U.S. urges cross-strait dialogue to resolve differences
Washington, Oct. 10 (CNA) The U.S. State Department on Wednesday urged Taiwan and China to engage in constructive dialogue and seek a peaceful resolution to their differences.
A spokesperson at the State Department made the statement in response to the National Day address by Taiwan's President Tsai Ing-wen (蔡英文), in which she identified China's diplomatic offensive and military coercion as a serious challenge to cross-strait peace and stability.
The spokesperson stressed that the United States has a deep and abiding interest in cross-strait peace and stability and it is important that both sides of the Taiwan Strait understand the significance of related benefits and work to establish a basis for continued peace and stability.

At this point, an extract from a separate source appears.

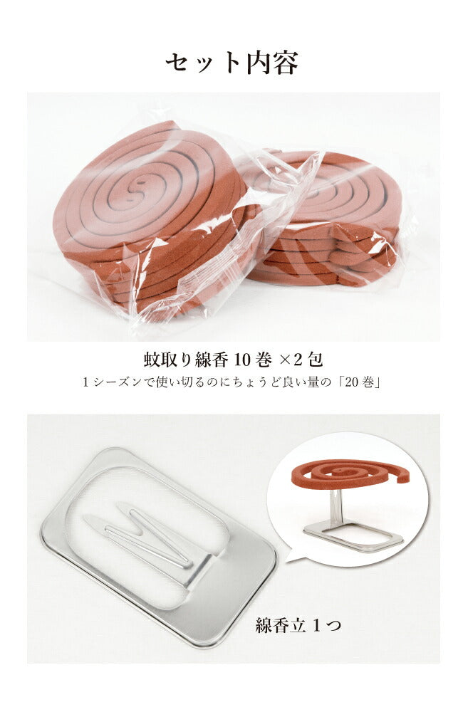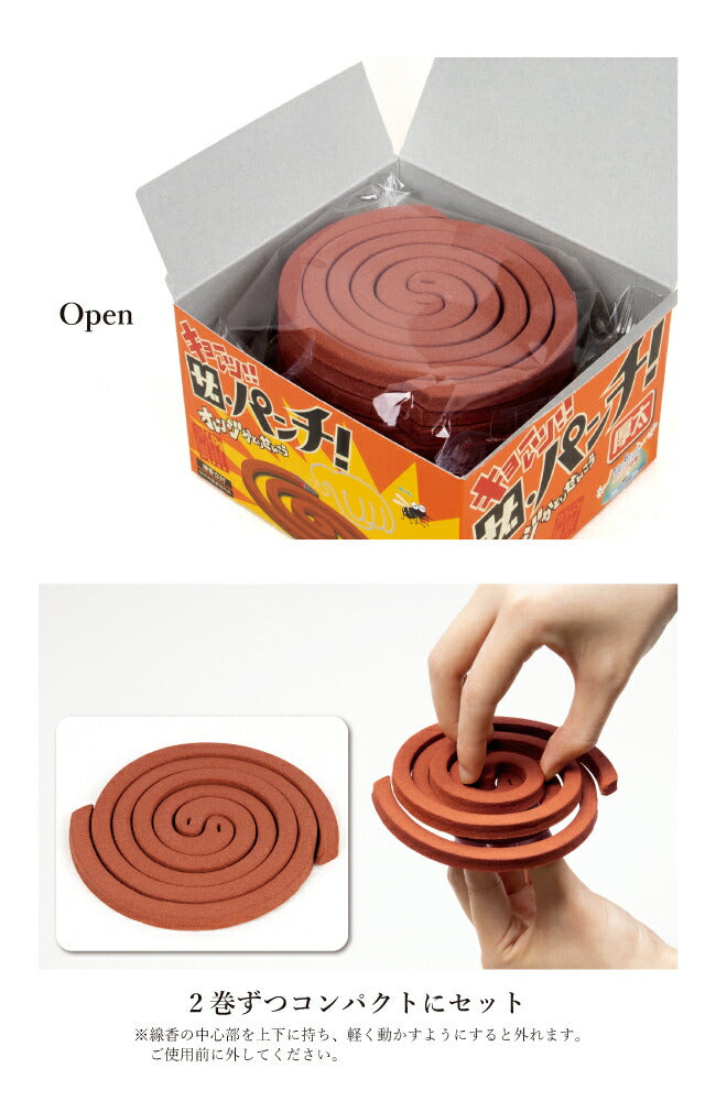 蚊取り線香発祥の地とされる和歌山県有田市で、明治18年創業の老舗メーカー「ライオンケミカル」にお願いして、オレンジかとりせんこう「ザ・パンチ」を開発いたしました。 ・蚊取り線香といえば『白い煙』というイメージがあると思いますが、実は煙だけで蚊を撃退している訳ではありません。 線香の火がついている1センチ程手前の部分から、熱で気化された有効成分が発生。 それが空気中に揮散されて蚊を殺虫・忌避しているのです。 つまり線香の太さが約2倍(※ライオンケミカル社従来品比)の『ザ・パンチ』は、効果がより拡散しやすく、その効果は最大で約5時間持続(※環境により持続時間は変動)します。 ・国内でも数少ない「屋外用蚊取り線香」として、厚生労働省の『防除用医薬部外品』承認済み。 ・人や環境に害を与えない有効成分「メトフルトリン」など、日本製の成分を使用。 ・屋外で6m(半径3m×2)のバリアで、蚊成虫の忌避効果が公的に認められた屋外用の蚊取り線香なので、アウトドアでの使用に最適です。 ・1シーズンで使い切るのにちょうど良い量の「20巻入」 ライオンケミカルとは・・・ 蚊取り線香発祥の地とされる和歌山県有田市で明治18年創業。 蚊取り線香、洗浄剤、消臭剤、入浴剤などの日用商品を製造販売している老舗メーカーです。 同社は、世界初の蚊取線香自動製造機を昭和18年に発明、量産化に成功し、現状のプレス型渦巻蚊取り線香が世界の家庭で感染症予防商品として広く使用されるようになりました。 【効果効能】 蚊成虫の駆除又は忌避 【内容量】 20巻(線香立付) ※使用中は線香立自体も熱くなるため、その下にも陶器や金属製の皿を敷いてお使いください。 【用法及び用量】 屋内(蚊成虫の駆除)、屋外(蚊成虫の忌避)で本品の1巻の一端に点火して燻煙する。 【薬事分類】 防除用医薬部外品 【有効成分】 メトフルトリン(ピレスロイド系)0.03% 【その他成分】 デヒドロ酢酸Na、着色剤、植物混合粉、その他3成分 【生産国】 日本 |

"We encourage authorities in Beijing and Taipei to engage in constructive dialogue that seeks a peaceful resolution of differences acceptable to the people of both sides of the Taiwan Strait," the spokesperson said.
The spokesperson also quoted remarks made by U.S. Vice President Mike Pence last week that while the United States will "continue to respect the U.S. One China Policy, as reflected in the three joint communiques and the Taiwan Relations Act, America will always believe Taiwan's embrace of democracy shows a better path for all the Chinese people."
In her National Day address, Tsai said China's unilateral diplomatic offensive and military coercion have not only harmed cross-strait relations but also seriously challenged the status quo of peace and stability in the Taiwan Strait.
She stressed that the more dramatically things change, the more Taiwan has to maintain stability, remain composed to reduce pressure, and calmly find its survival niche.
She pledged that Taiwan will neither act rashly to escalate confrontation, nor will it give in.
The president also said she will not be provoked into confrontation or conflicts that endanger cross-strait relations, nor will she deviate from the will of the people, and sacrifice Taiwan's sovereignty.
Commenting on Tsai's address, Richard Bush, a former chairman of the American Institute in Taiwan (AIT), said her remarks reflected the complex situation she is in concerning cross-strait relations, with China pushing on one side and Taiwan political forces on the other.
"Her approach has been to try to balance these two, and her remarks reflect a continuation of that approach," Bush said, adding that he believes the U.S. government appreciates Tsai's moderate and balanced approach.
Meanwhile, Douglas Paal, a former AIT director, said Tsai's address summarizes a sensible approach not to try to exploit enhanced tensions between Washington and Beijing, which he said historically tend to inflict damage on Taipei more than the other two.
Paal also described a possible effort outlined by Tsai to exploit opportunities in the changing supply chain world as "smart."